Он повернулся к мадам Изольде и принялся бранить её за то, что она допустила это нападение.

— Но откуда я могла знать? — запротестовала та.

— Вы должны знать все сплетни. Я рассчитываю в этом на вас… — Завершения их спора я не дослушал, так как осторожно направился по лестнице вслед за Майкрофтом Холмсом, держа в левой руке саквояж, тяжёлый, как свинцовая гиря.

В его комнате я увидел посреди большого ковра, покрывавшего пол, маленький коврик.

— Для молитвы. Известно, что такой коврик должен быть у каждого мусульманина. Несравненный мистер Саттон предусмотрел это.

— Одному Богу известно, где он достаёт такие вещи, — сказал я, обернувшись, чтобы убедиться в том, что дверь закрыта.

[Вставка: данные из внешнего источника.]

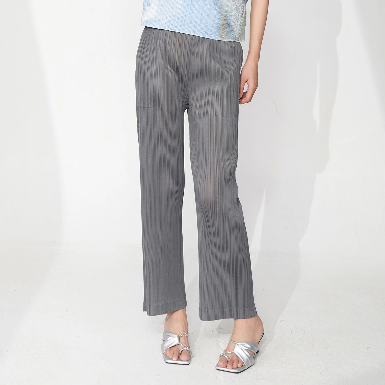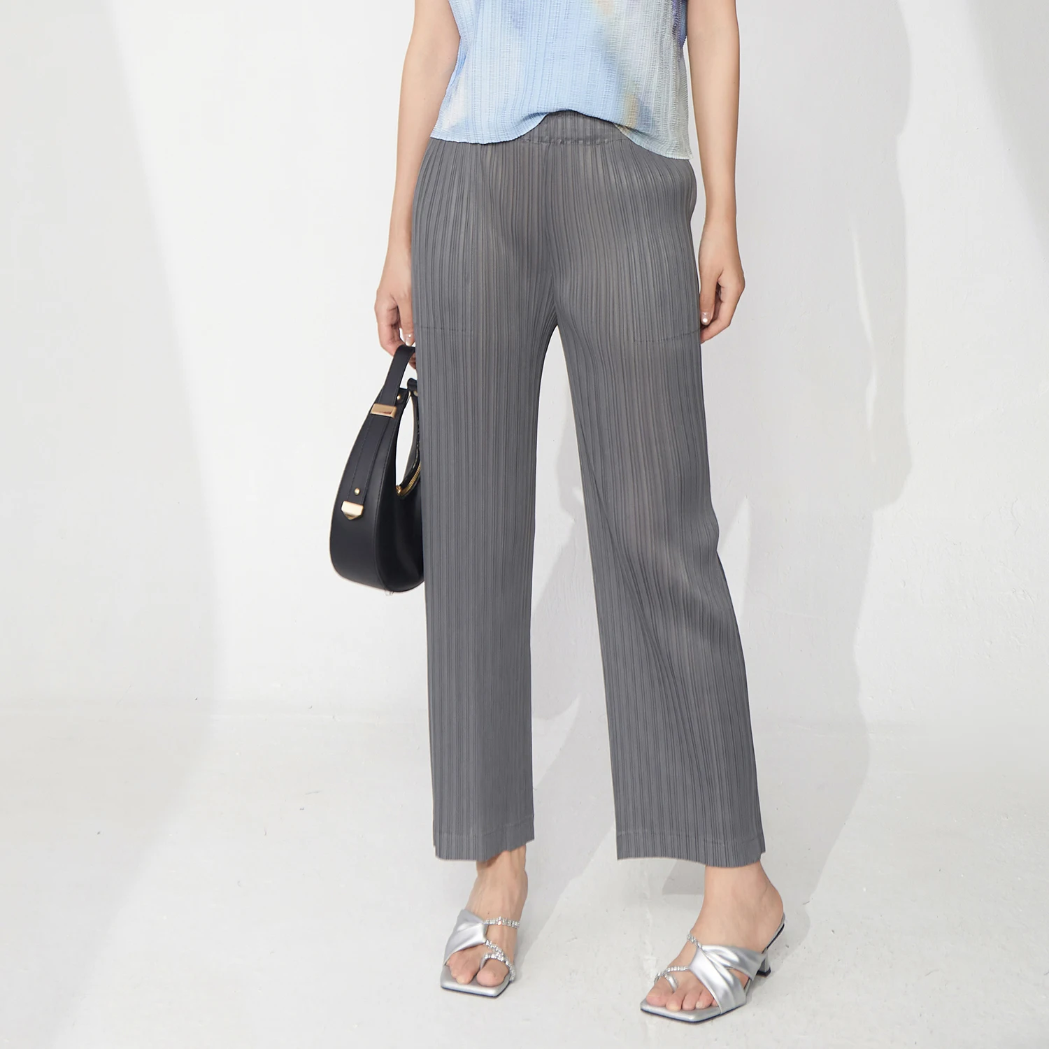 Premium Quality Quick Shipping Miyake Pleated Pants Stretch Solid Color Straight Pants Loose Casual Pants

— Он актёр, а актёрам может потребоваться самый различный реквизит; во всяком случае, он нередко объяснял мне это. В настоящее время он импровизирует в роли Майкрофта Холмса, человека строгих привычек. В роли, которую ему уже приходилось исполнять прежде. Она ему прекрасно удаётся, по крайней мере до тех пор, пока не нужно говорить. А теперь идите к окну и позвольте мне взглянуть на вашу рану. — Он издал странный кудахчущий смешок. — И не стоит чрезмерно переживать. В своё время мне довелось зашить не одну пулевую дырку. У меня есть пинцет, и я достану осколки стекла, от них, наверно, саднит, словно в вашей царапине сам чёрт сидит. Вот, вижу всё. — Он подождал, пока я уселся, исполняя его приказание. — Скажите, кто стрелял в вас и почему? У вас есть хоть какие-нибудь соображения? И как получилось, что Дортмундер ходит за вами, как собака? Не может ли он иметь отношения к выстрелу? А может быть, вас раскрыли? Это подходящая причина для убийства. Будет лучше, если вы расскажете мне всё, что знаете. Только не нужно этой вашей чепухи насчёт немцев, которые стреляют наугад в случайно подвернувшихся турок.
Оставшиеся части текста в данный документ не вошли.